Fine with using Debian's GCC v10.2 and GNU/ld v2.35 (from binutils v2.35).

All details in [1].

[1] https://github.com/ClangBuiltLinux/linux/issues/1120#issuecomment-674406068


Re: [PATCH] x86: work around clang IAS bug referencing __force_order

2020-08-14 Thread Nick Desaulniers
On Fri, Aug 14, 2020 at 3:57 PM Nick Desaulniers
 wrote:
>
> On Fri, Aug 14, 2020 at 2:19 PM Sedat Dilek  wrote:
> >
> > On Fri, Aug 14, 2020 at 7:29 PM Sedat Dilek  wrote:
> > >
> > > Thanks for the proposal.
> > >
> > > I have adapted it to fit my patchset against Linux v5.8.
> > >
> > > Both Debian's GCC-10 and a snapshot version of LLVM toolchain
> > > v11.0.0-rc1+ seems to be OK.
> > >
> >
> > Yupp, OK.
> >
> > I was able to boot FreeDOS 1.2 VM in VirtualBox GUI.
>
> Hi Sedat,
> Apologies, but it's not clear to me precisely which patch you tested.
> Can you please confirm whether you tested:
> 1. Arnd's patch that started this thread.
> 2. My proposed diff adding -fno-addrsig to CFLAGS_powernow-k6.o.
> 3. My proposed diff removing __force_order from the kernel.
>
> I'm hoping you were referring to testing 3., but it's not clear to me.

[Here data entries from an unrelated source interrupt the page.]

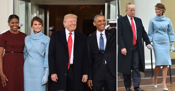 За таа пригода, Меланија избра префинет костум од Ралф Лорен во нежна бебешко сина нијанса и складни ракавици и салонки. Многумина коментираа дека стајлингот ги потсетил на незаборавната Џеки Кенеди.
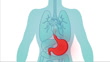 Animated expanding radio waves over a red coloured stomach on a human torso illustration.
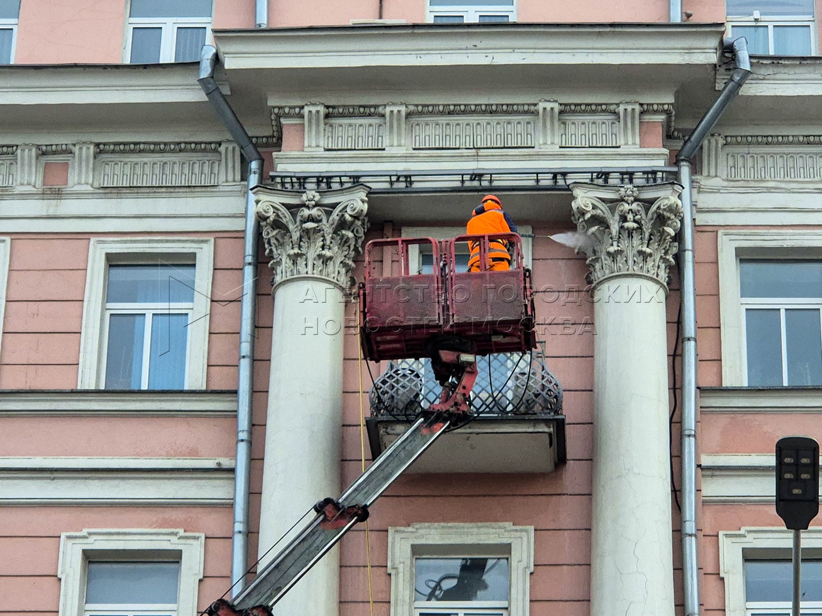 • Описание: Работы по промывке фасадов зданий начались в Москве.
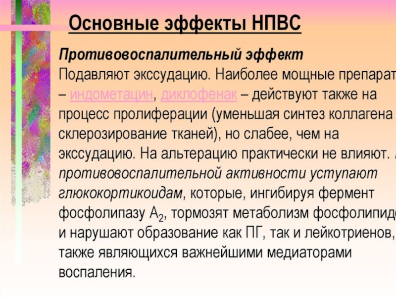сосудов, отек, экссудацию, миграцию лейкоцитов и другие эффекты (в основном
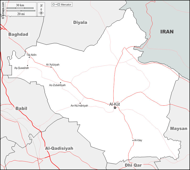 d-maps > एशिया > इराक > यह था > सीमाओं, मुख्य शहरों, सड़कों, नाम
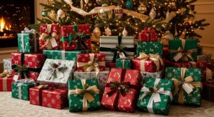 Use beautifully wrapped faux gifts under the tree or in corners to add visual fullness and festive flair.
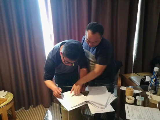 招商部部長李浩偉與溧陽超人葛明俊簽署代理合同
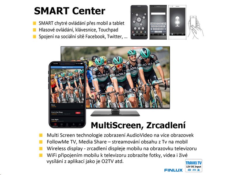 Obsah dodávky Televízor, ovládač s batériami, návod, napájací adaptér 230VAC/12VDC.
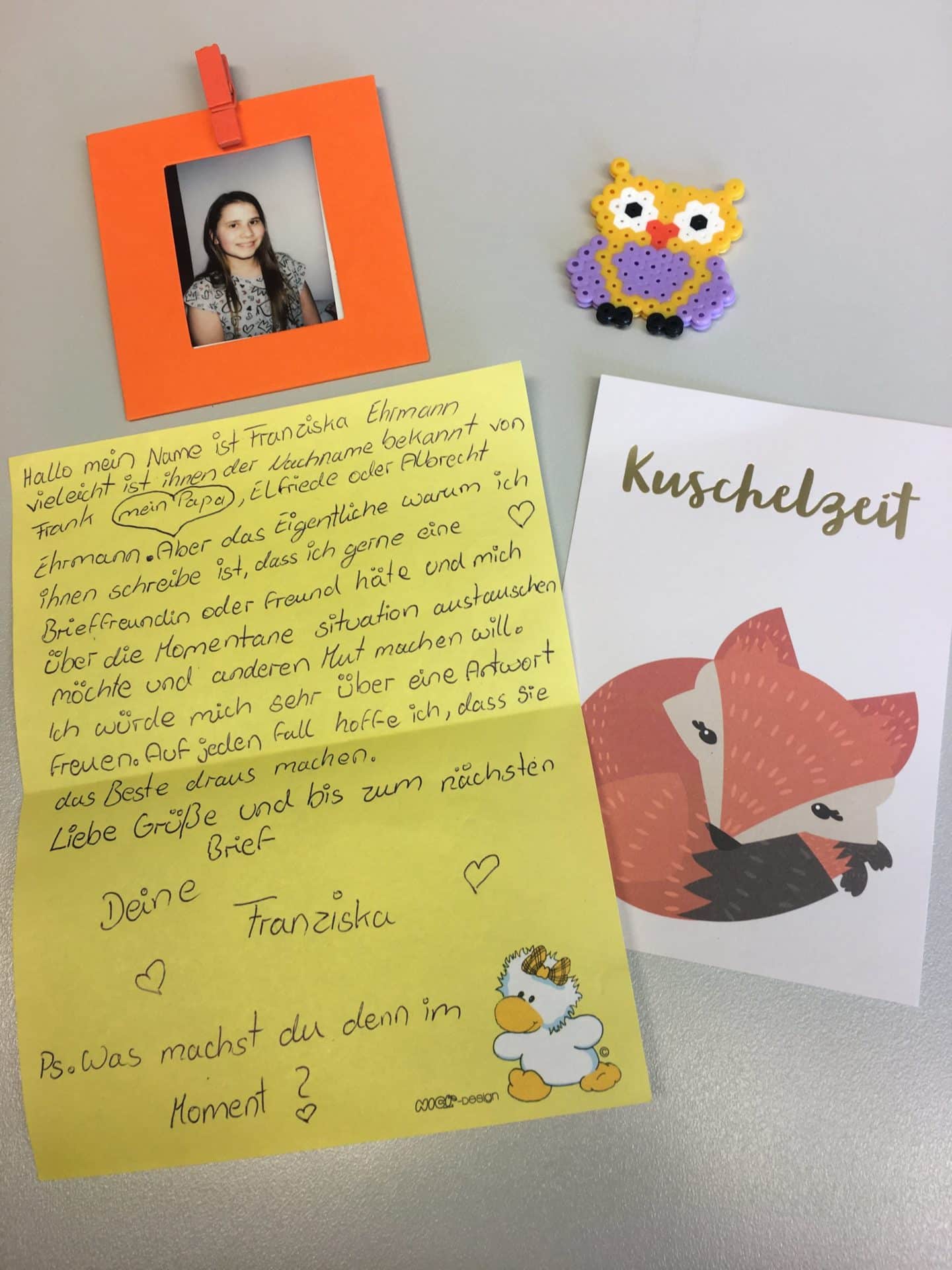Neben vielen aufmunternden und bestärkenden Briefen von Angehörigen berührt uns aktuell eine initiative einer jungen Schülerin besonders:
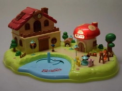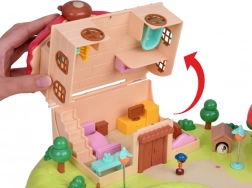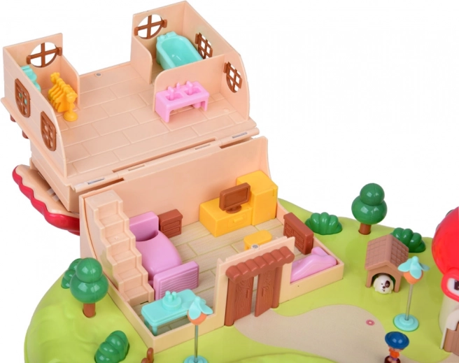 Soveværelse med skab der kan åbnes, badeværelse med badekar og vaskemaskine, køkken med køleskab og et værelse med toiletbord. Udenfor venter en legeplads med karrusel og gynge samt en butik formet som en svamp.
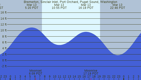Tidal Heights at Bremerton, Sinclair Inlet, Port Orchard, Puget Sound, Washington
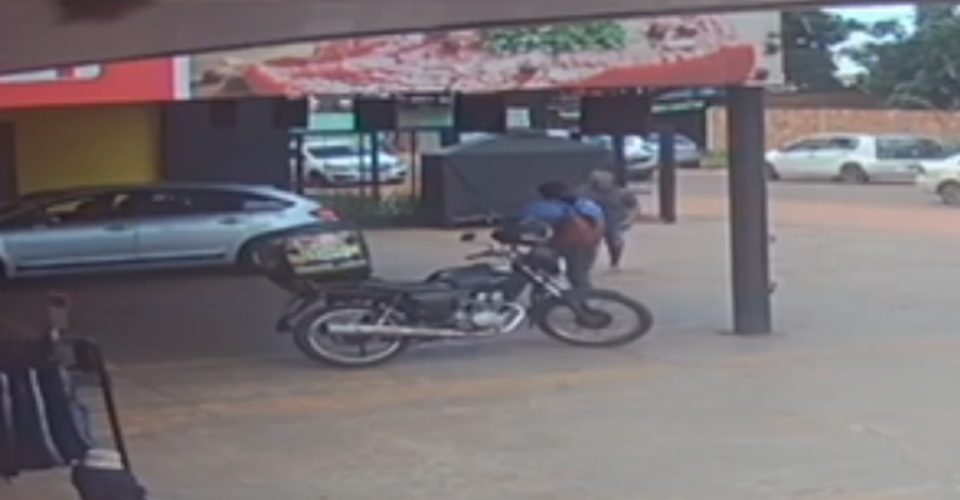 Imagens de câmera de segurança de uma das lojas da galeria onde uma mulher, ainda não identificada, foi esfaqueada pelo ex-marido, flagrou o momento da agressão. Caso foi registrado no início da tarde desta terça-feira (28), em uma galeria de comércio na Rua Francisco Pereira Coutinho, no Bairro Nova Lima, região norte de Campo Grande.

Ah, sorry, I missed your comment on github:
https://github.com/ClangBuiltLinux/linux/issues/1120#issuecomment-674282107

Ok, I will look at more disassembly next week and hopefully have a
patch ready, with your tested by tag.

-- 
Thanks,
~Nick Desaulniers


Re: [PATCH] x86: work around clang IAS bug referencing __force_order

2020-08-14 Thread Nick Desaulniers
On Fri, Aug 14, 2020 at 2:19 PM Sedat Dilek  wrote:
>
> On Fri, Aug 14, 2020 at 7:29 PM Sedat Dilek  wrote:
> >
> > Thanks for the proposal.
> >
> > I have adapted it to fit my patchset against Linux v5.8.
> >
> > Both Debian's GCC-10 and a snapshot version of LLVM toolchain
> > v11.0.0-rc1+ seems to be OK.
> >
>
> Yupp, OK.
>
> I was able to boot FreeDOS 1.2 VM in VirtualBox GUI.

Hi Sedat,
Apologies, but it's not clear to me precisely which patch you tested.
Can you please confirm whether you tested:
1. Arnd's patch that started this thread.
2. My proposed diff adding -fno-addrsig to CFLAGS_powernow-k6.o.
3. My proposed diff removing __force_order from the kernel.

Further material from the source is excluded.